Let Me Help CNN Out Here: We Lost the War in Afghanistan
This is not a tough question to answer.
On Wednesday, President Joe Biden officially announced that he will be withdrawing all U.S. combat forces from Afghanistan by September 11—nearly 20 years after the United States first invaded the country.
This being an American military operation, "withdrawal" comes with some heavy caveats, as the New York Times noted on Tuesday:
Instead of declared troops in Afghanistan, the United States will most likely rely on a shadowy combination of clandestine Special Operations forces, Pentagon contractors and covert intelligence operatives to find and attack the most dangerous Qaeda or Islamic State threats, current and former American officials said.
Still, the removal of troops in Afghanistan is a big deal, and earlier on Wednesday, CNN anchor Jim Sciutto got reflective about the milestone:
Here are some of Sciutto's pros and cons. On the one hand, he said, "The U.S. greatly diminished al Qaeda" in Afghanistan. On the other hand, "so many of our country's promises of a functioning, democratic government, a more varied and less impoverished economy, and peace, which I heard personally, hundreds of times, in dozens of trips...sadly failed to materialize."

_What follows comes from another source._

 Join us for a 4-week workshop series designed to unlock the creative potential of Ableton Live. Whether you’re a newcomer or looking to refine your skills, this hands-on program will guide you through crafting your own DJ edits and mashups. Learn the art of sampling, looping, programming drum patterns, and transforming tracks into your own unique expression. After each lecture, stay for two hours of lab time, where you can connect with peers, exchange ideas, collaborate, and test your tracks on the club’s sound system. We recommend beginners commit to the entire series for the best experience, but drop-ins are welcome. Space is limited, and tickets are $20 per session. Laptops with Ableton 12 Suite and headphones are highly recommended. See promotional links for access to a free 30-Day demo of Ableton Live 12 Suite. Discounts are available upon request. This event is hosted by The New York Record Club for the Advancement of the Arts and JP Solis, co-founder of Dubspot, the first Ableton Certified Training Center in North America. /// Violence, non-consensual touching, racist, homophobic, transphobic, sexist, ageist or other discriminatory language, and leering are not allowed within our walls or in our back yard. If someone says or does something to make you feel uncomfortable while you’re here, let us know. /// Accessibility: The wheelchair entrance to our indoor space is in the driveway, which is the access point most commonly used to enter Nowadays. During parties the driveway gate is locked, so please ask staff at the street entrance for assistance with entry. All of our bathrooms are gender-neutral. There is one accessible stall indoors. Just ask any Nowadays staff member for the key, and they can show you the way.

In the end, Sciutto concluded, "Our country is leaving after 20 years with less than we hoped for or promised, and an Afghanistan with a very uncertain future."
Hmmm, it's tough to figure this one out. Al Qaeda has been weakened, but also, there's no functioning democracy, or economic advancement, or, y'know, "peace." Who's to say how the war turned out?
Jim, let me help you out here. America lost. The war never should have been waged. It was an act of dreadful, bloody insanity by a bunch of extremist American warmongers whose primary achievement, along with the war in Iraq, was to destabilize and destroy the Middle East in ways the entire planet is still paying for to this day, and to subject the people of that region to unimaginable suffering. What's more, the people running the war knew this pretty much all along and lied to the world about it. The cost for America's insistence on such imperial folly has run into the trillions. It has been an unmitigated disaster and an unmitigated failure.
It should not be controversial for a CNN anchor to say these things, and one suspects Sciutto knows them just as well as anyone else does. The war was a bad idea. We lost, and will keep on losing for as long as we're there. Let's be real about it.